I started writing in COBOL in 1976. I wrote a lot of code and even started teaching COBOL in the local community college. The language is pretty simple, although wordy. I think that COBOL code would be pretty obvious to a coder today. They might not be able to code in it, but they should be able to follow the flow. The advantage of COBOL was that it was closer to machine code. A statement in COBOL translates to one or a few instructions of machine language. COBOL was a sort of assembly language. This made it run fast and efficiently on the big iron IBM mainframes. Remember that a machine with a meg or less memory had to run hundreds of terminals serving users at the same time at a clock speed measured in in a few millions of CPS.

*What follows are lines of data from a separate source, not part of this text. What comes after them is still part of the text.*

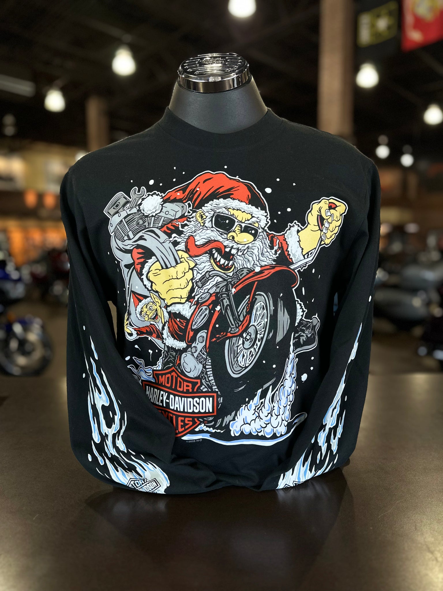 Meet the coolest guy on the Nice List—Santa's traded his reindeer for chrome and his sleigh for pure throttle! Made from durable 100% cotton that maintains shape for seasons to come. Front features a bold graphic of Santa and his helper on a Harley ripping a wheelie to deliver presents along with snow accents down both arms while the back is printed with our custom Maverick H-D logo that includes dealer name and location.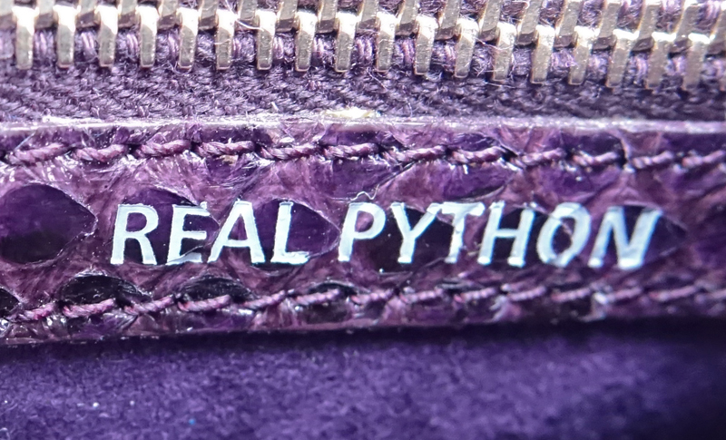 Tod's Purple Colorblock Python Mini Fleur Pochette. Gold-tone hardware, leather wristlet strap at side, navy purple suede interior, single pocket at interior wall with zip closure and flap with turn-lock closure at front. Includes a dust bag (not original). Labeled appropriately, tag (retail $1875.00), care card. Like New condition. Measures 5-1/2" H x 8" L x 2" D. Shipping $48.00 (estimate $1000-$1200)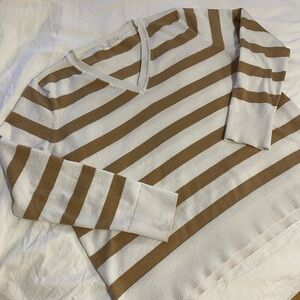 Stylish V-neck sweater with bold stripes. Ideal for everyday comfort.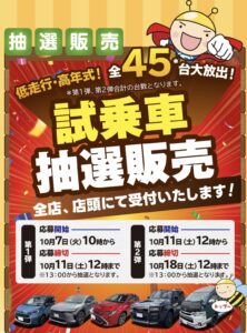 特に目玉の低走行、高年式の、試乗車抽選販売もやっています!!
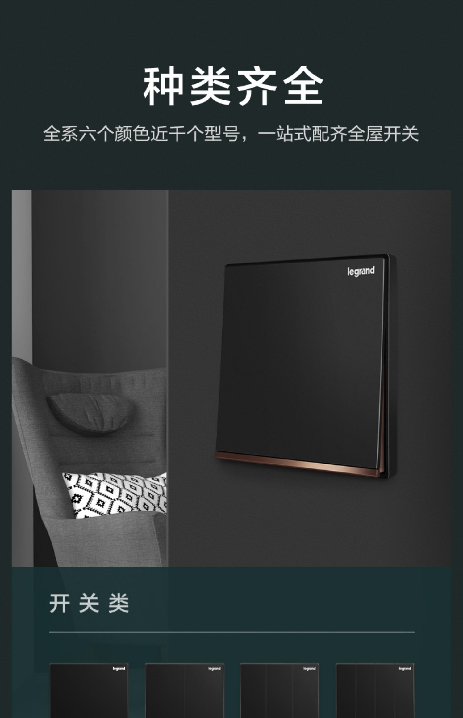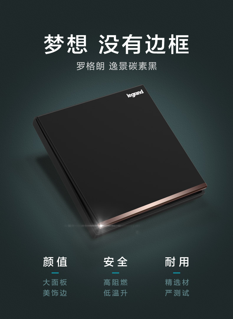 羅格朗逸景碳素黑led開關插座面板
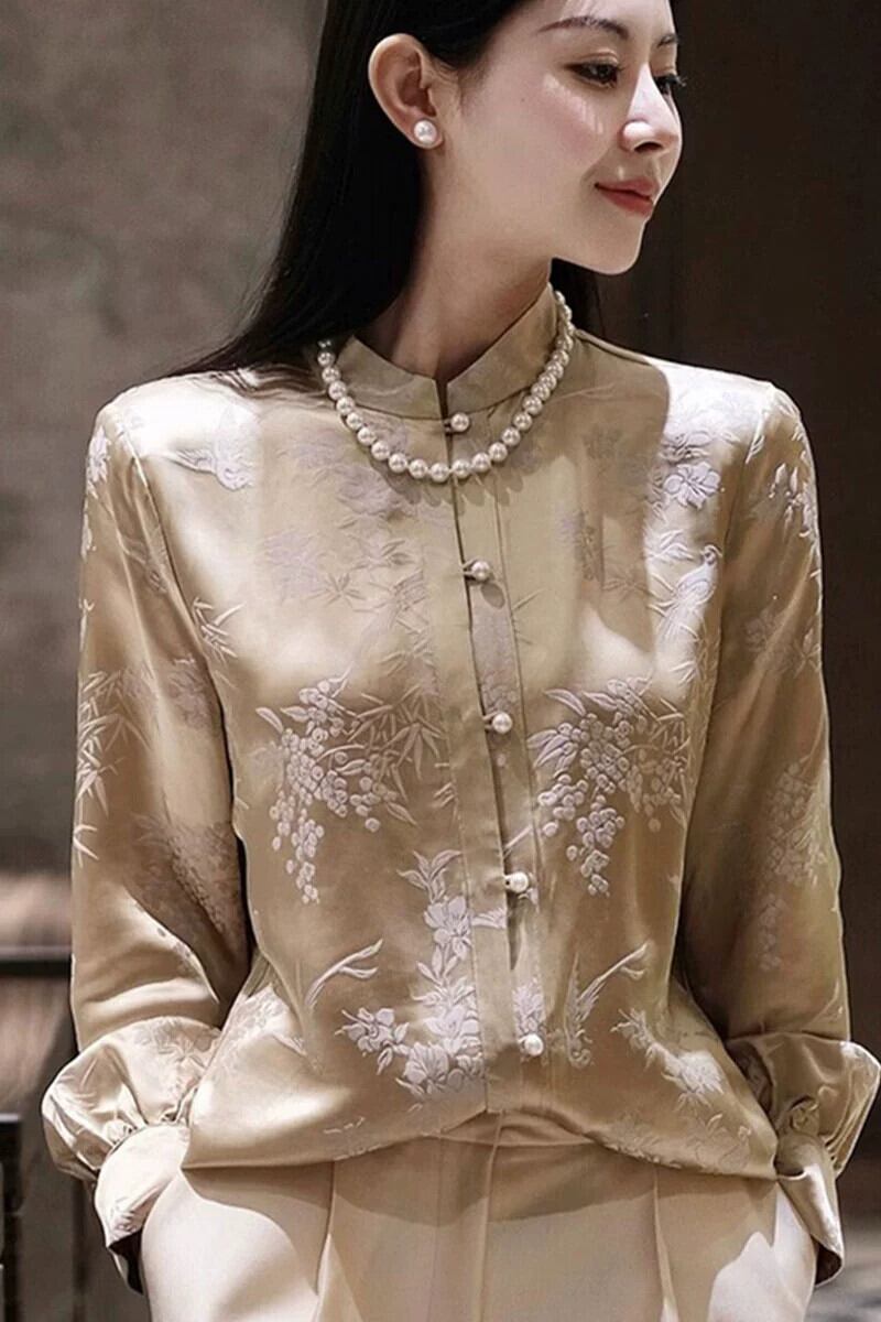 第一線のブランド eign trade 撤退最後の在庫新しい中国風国民風ジャカード重工業ビーズアセテートサテンスタンドカラーシャツ女性 sine2658569098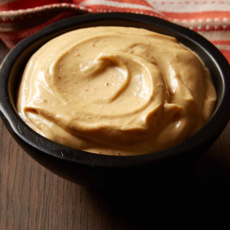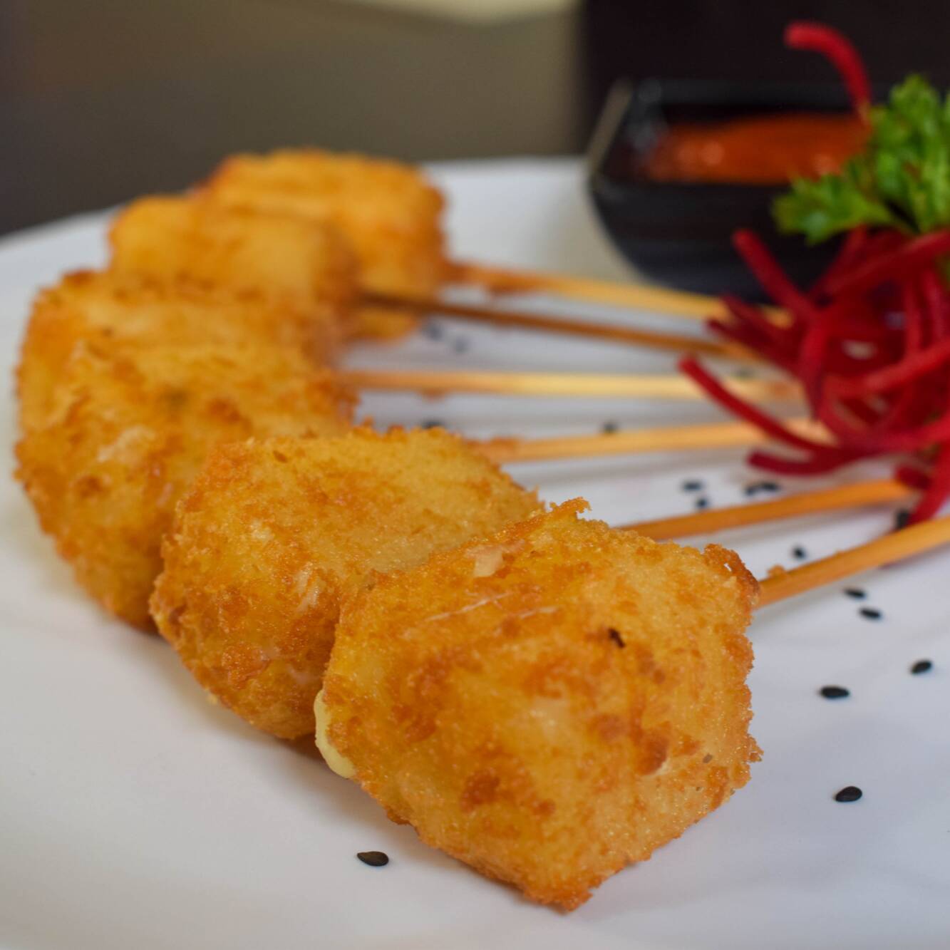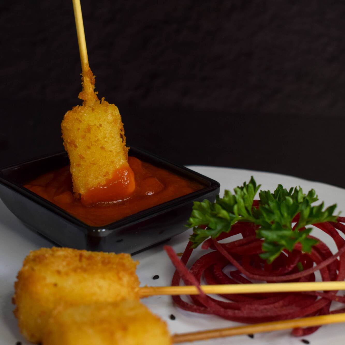 Por dentro: carne de trompo, queso manchego, aguacate y cebollin. por fuera: empanizado y acompañado con aderezo chipotle.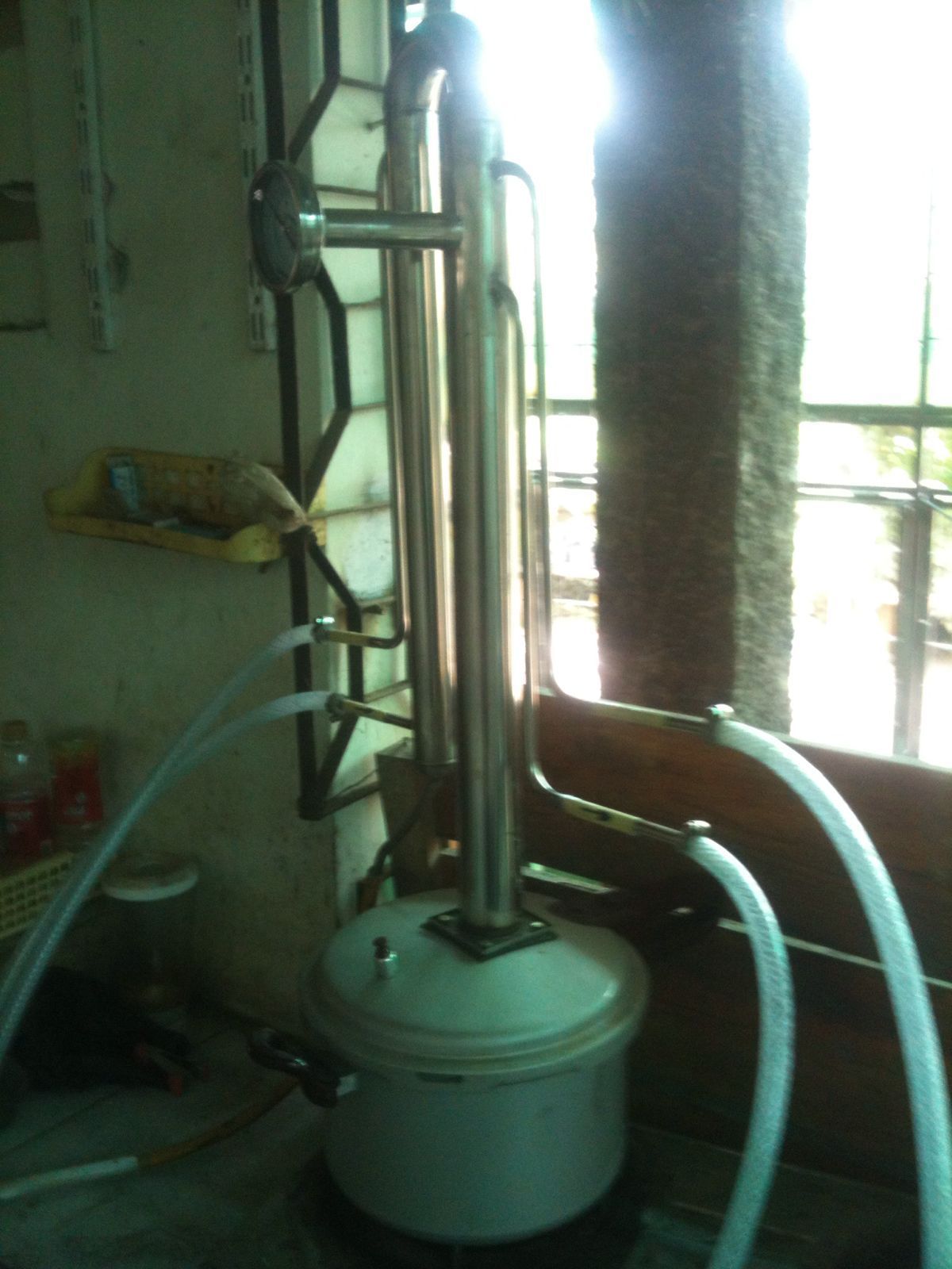 6. destilator ethanol 2 unit masing-masing berkapasitas per batch 16 liter per 60 menit. Dapat digunakan terus sepanjang hari hingga mendestilasi 10-15 kali @ 16 liter/ batch atau setara kapasitas ~ 100 liter sd 250 liter atau akan didapatkan 15 sd 20 liter ethanol per hari.

My last job before I retired was translating COBOL to Java. The COBOL code always ran faster than the Java classes that replaced them.
My first job out of school was programming in COBOL. Never learned it in school. I knew C, Scheme, Pascal, BASIC, a little FORTRAN, and maybe a couple of others. COBOL was easy to pick up. Never did really get JCL.
The time sharing wasn't that great. Yes the there were hundreds of users but they could wait many seconds, even minutes for transactions to run. There was a little clock icon on the status line of the terminal, and I easily spent an hour or more per day just watching that clock, waiting on my terminal to update. Luckily the there was no www then, or I would have been surfing during that time and even less productive.
> Remember that a machine with a meg or less memory had to run hundreds of terminals
(Puts Monty Python voice on)....Piffle!...when I were a lad we looked after a bunch of Data General Nova 4's and Eclipse S/130's with 32k of memory and with 32-64 dasher terminals hanging off them running DG's Interactive Cobol (on top of RDOS)....and running a full-on accounting system. 1MB of memory would have been absolute luxury.
I learned COBOL, Fortran and RPG II in school but only professionally did anything in RPG II. COBOL readability beat the heck out of trying to read RPG!